Figure 1. Spindle Assembly Following Nocodazole Washout

(A–C) Selected images from time-lapse sequences of cells treated with and released from nocodazole under the three centrosomal configurations. A, B and C correspond to Movies S2, S3 and S4, respectively. In each case, a bipolar spindle assembles following nocodazole washout. In the first image of each sequence, centrosomes appear as white dots. Arrows subsequently mark the position of in focus centrosomes when three or more foci are present. The last image of each sequence is a maximum intensity projection. All times are relative to the final nocodazole washout (0:00) and are displayed as min: sec. (D) Percentage of fixed LLC-Pk1α cells at the indicated mitotic stages, present 60min post-4x washout.

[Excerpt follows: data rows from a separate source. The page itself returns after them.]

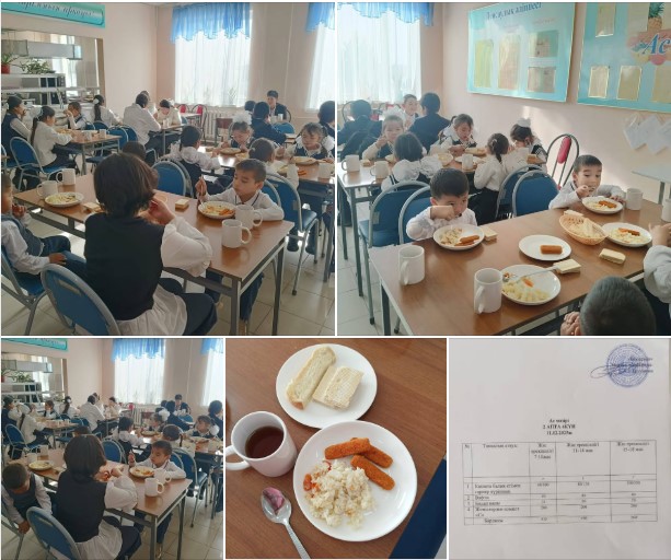 Әлия Молдағұлова атындағы орта мектебінің оқушыларына күнделікті ыстық тамақ ас мәзірі бойынша уақытында берілуде.
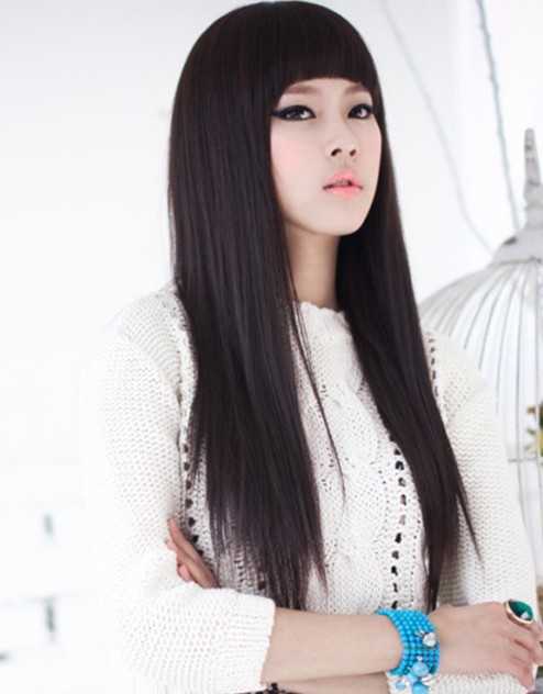 一头乌黑柔顺的长直发,搭在肩上,很美,剪得很短的齐刘海,秀出好看的眉峰,显得整个人都那么精神,在2013年这样的发型也是相当受欢迎的!
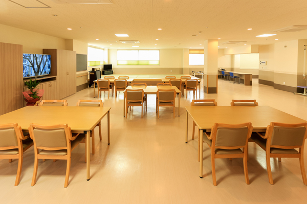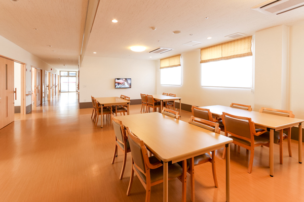 食堂・談話室は、入居者様や面会に来たご家族様とゆったりとお寛ぎ頂けるできるスペースを確保しておりますので交流の場としてもご活用ください。
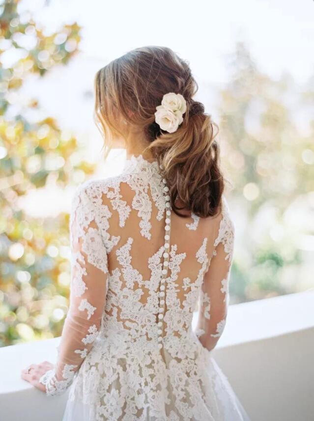 A-Line High Neck Garden Wedding Dresses With Lace Appliques
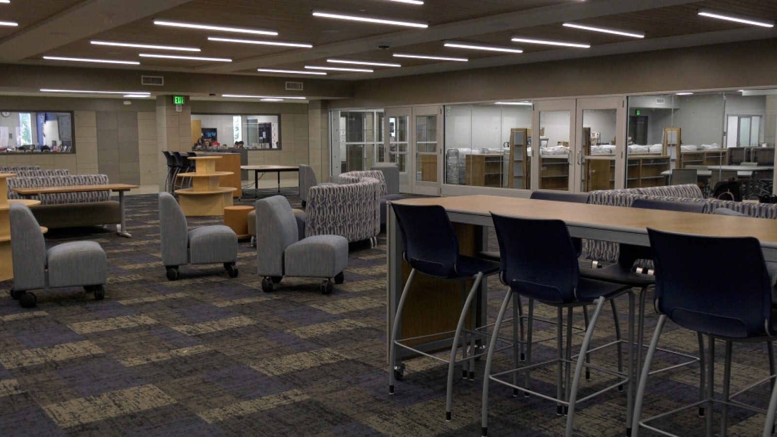 The renovations at North View opened up the second floor, adding glass walls to the classrooms and providing more chairs for flexible learning and collaboration.
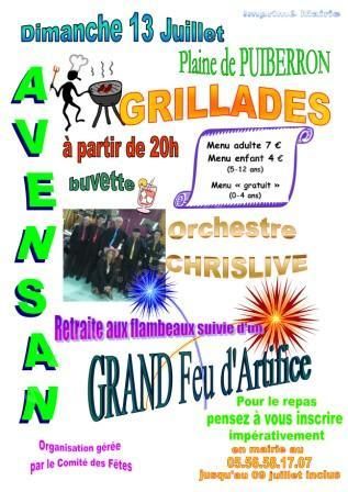 Le repas du 13 juillet à 20h00 se déroulera à la plaine des sports, organisé sous le patronage du comité des fêtes et en collaboration avec les associations de la commune. Il sera suivi du traditionnel feu d'artifice, à 23h00, précédé par la retraite aux flambeaux animée par les enfants et ponctué par une soirée dansante avec comme maître de cérémonie le groupe ChrisLive.
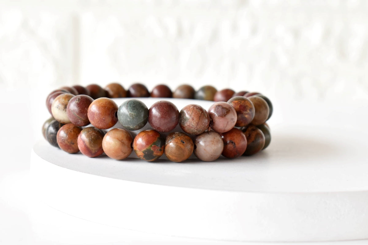 Unit price perA unique bracelet crafted with natural Multi Picasso Jasper stones, featuring beautiful earthy patterns that make every piece one of a kind. Designed for everyday wear, it blends natural elegance with grounding energy.
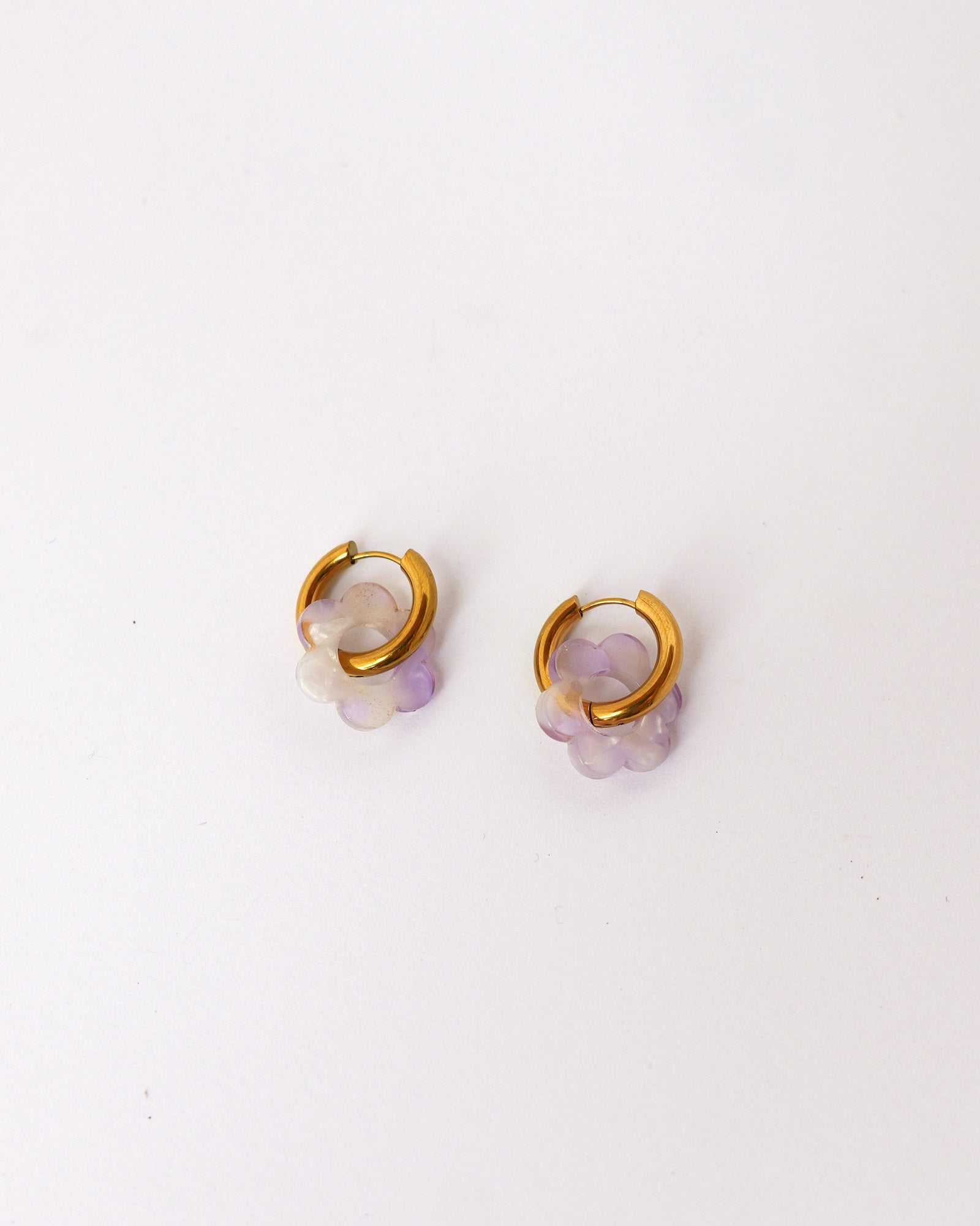 Boucles d'oreilles créoles fleurs - mauve blanc

Bar = 10μm.

Figure 2. Spindle Bistability in the Absence of Eg5 Activity

(A–C) Selected images from time-lapse sequences of cells treated with nocodazole and monastrol, then released into monastrol-containing medium. A and B correspond to Movies S5 and S6, respectively. Nocodazole washout leads to bipolar spindle formation, except when proximal centrosomes are close to one another. Set up is as defined in Figure 1. Additionally, asterisks mark the position of out of focus centrosomes. In C, two mitotic cells have fused together; the top spindle is acentrosomal. Bar = 10μm.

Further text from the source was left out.